Monday, May 18, 2009

Review - Let The Right One In

by Mr Blunderson

Vampire movies have started to really suck. Yes I'm sorry but it's true. Vampires have a long and rich history in cinema and it pains me to see one of the classic movie monsters reduced to sensitive sparkly angst ridden teenagers. There has been a great deal of web chatter regarding a little sweedish vampire movie, so when I saw it on the rental shelf I didn't hesitate even a little bit.

Let the right one in is a movie that takes it's time unfolding it's tale about a lonely boy, bullied by classmates, befriended by a lonely vampire. It's pacing is very slow and might not appeal to the whiz-bang masses but at it's core is a very excellent story and characters with a great deal of depth.

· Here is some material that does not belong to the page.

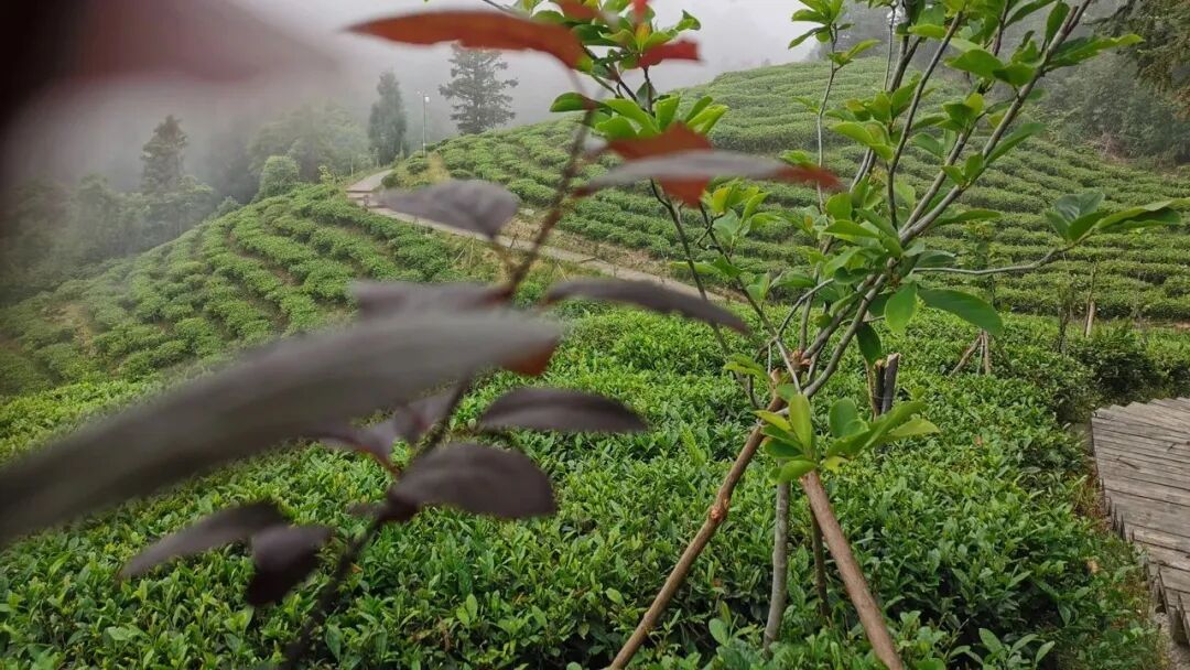 海拔每升高100米,温度下降0.6度,1千米相差6度,海拔高一点,温度低,而且正好是云雾层,云雾覆盖的位置,太阳光照射下来,是照射到云雾上,大部分反射回去了,少量照到茶叶上,是漫散射光,所以它相对照射的比较少。温度也比较低,所以氨基酸含量高,茶叶鲜爽味足。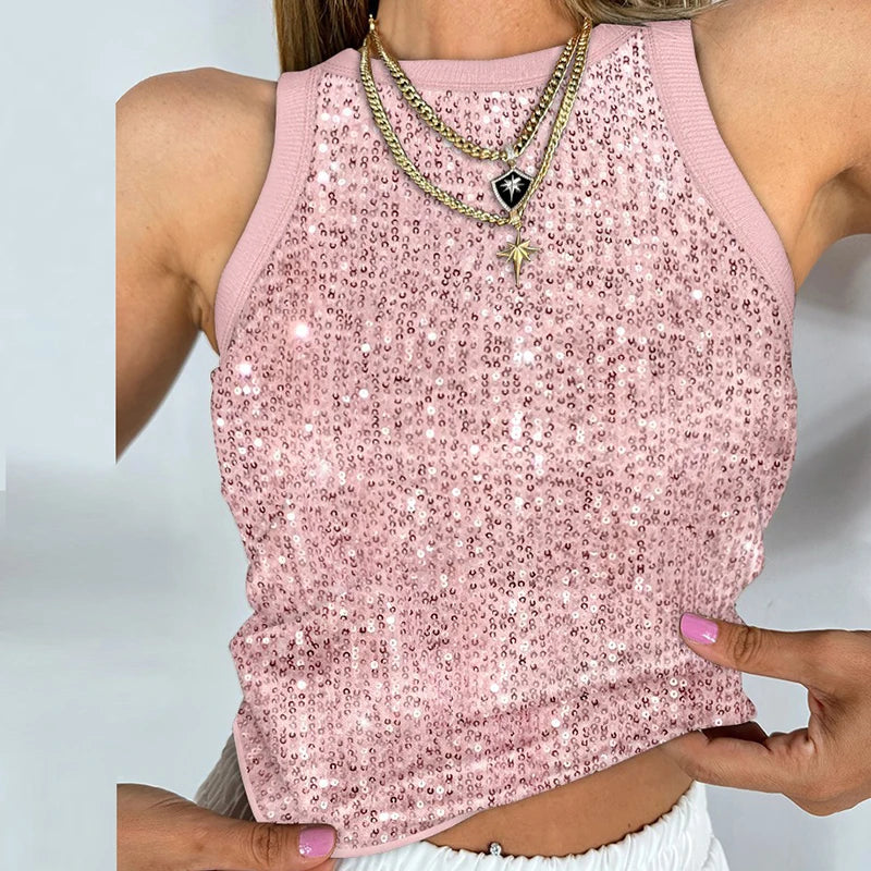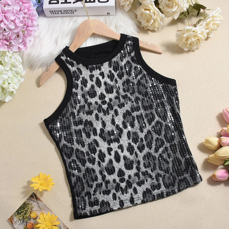 Women’s Harajuku Leopard Sequin Vest – Sleeveless Pullover Streetwear Top

I enjoyed nearly everything about this movie. The performances were solid, the music was great, and the respect for vampire lore makes it that much better. Sometimes for a movie like this to feel new and interesting it helps to embrace it's roots.

Let the right one in is creepy, brutal, disturbing, deliberate as hell, and one of the best vampire movies made in a very long time which is why I rate it an Oh Hells Yes on the Mr. Blunderson scale. And if you don't like it, you suck.

Sunday, May 10, 2009

Review - Choke

by Mr. Blunderson

From where I sit, if there was an element missing from the novel that served as the basis for this film, an early effort by Mr. Chuck Palahniuk, it would be heart. Of course, in the book, it doesn't really have a place for it. Maybe the book has heart and I missed it. Perhaps it is there but it is just a really, really dark heart.

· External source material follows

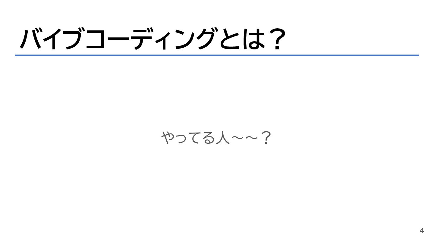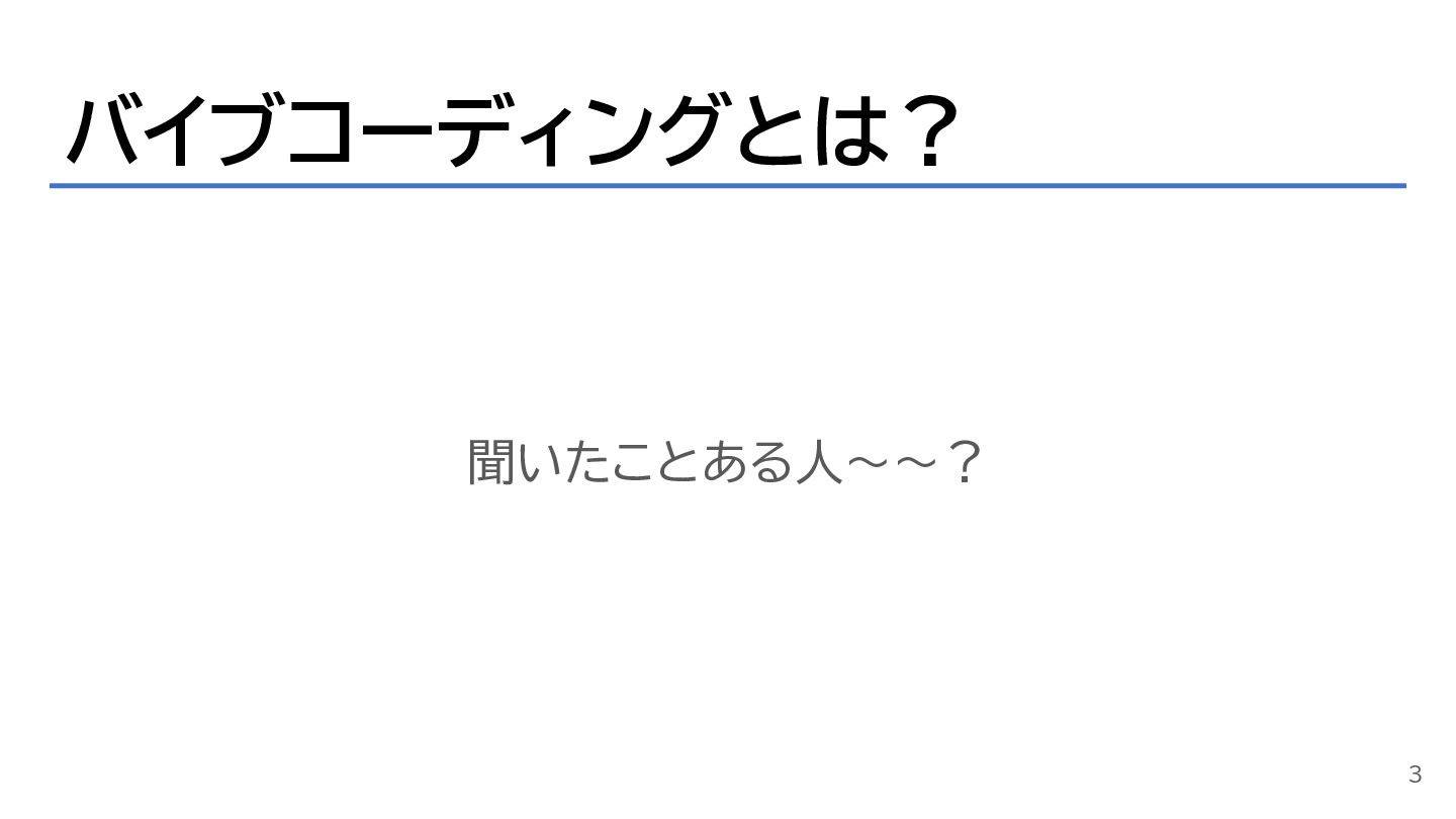 聞いたことある人〜〜? バイブコーディングとは? 3

And then comes the question of the adaptation. Writer/Director Clark Gregg takes a departure from the book in many ways but manages to keep enough of the original voice that the end result feels like a great success. According to the extra features, this direction was not only supported by the original author, but highly encouraged. I can't help but think that Palahniuk lucked out when the material fell into the hands of someone who was able to avoid the trappings of so many adaptations (changing the characters names, core relationships, etc).

Choke as a film is an example of a guy who obviously GOT the novel. He understood it. He took the time (years and years) to get the script right, and managed to put enough but not too much of his own voice in.

And it works.

It's beautiful, it's dark and dirty as hell, and the end reult is a fine little movie.

I know there are people who love this book and will be turned off by the fact that the film is not as deeply satirical and dark as the source, but there is a fine line between a too-faithful adaptation and a completely off the rails clusterfuck that Gregg is able to walk long enough to make a believer out of this jaded SOB (that is indeed me I am referring to).

The cast is phenomenal. Sam Rockwell once again demonstrates his superlative and subtle talents that convince me that no one else in this world could have been Victor Mancini. Anjelica Huston brings Victors mother to life in a way that to me felt so much more multi-dimensional than the character in the book (whom I despised, not that it matters). But the best part of this cast for me was Denny, played by Brad William Henke, a character who manages to serve as a moral compass in a film that seems to have no morals at all.

My favorite character by far though was Lord High Charlie, played by Gregg himself. Mostly because the name Lord High Charlie still cracks me up, but also because I think I work with the true life retail equivalent of this guy. Seriously.

After all this you wonder what the hell this movie is about? Well...

Victor (Rockwell) is a med school drop out and, colonial reenactor AND sex addict who scams unsuspecting diners in restaurants in order to pay the bills for his mothers care in a nuthouse. And from there, the story gets a little weird. It's irreverent, it's disturbing, but when the credits rolled the only thing I wanted to do was watch it again. So I did.

Choke gets a resounding Oh hells yes on the Mr. Blunderson scale.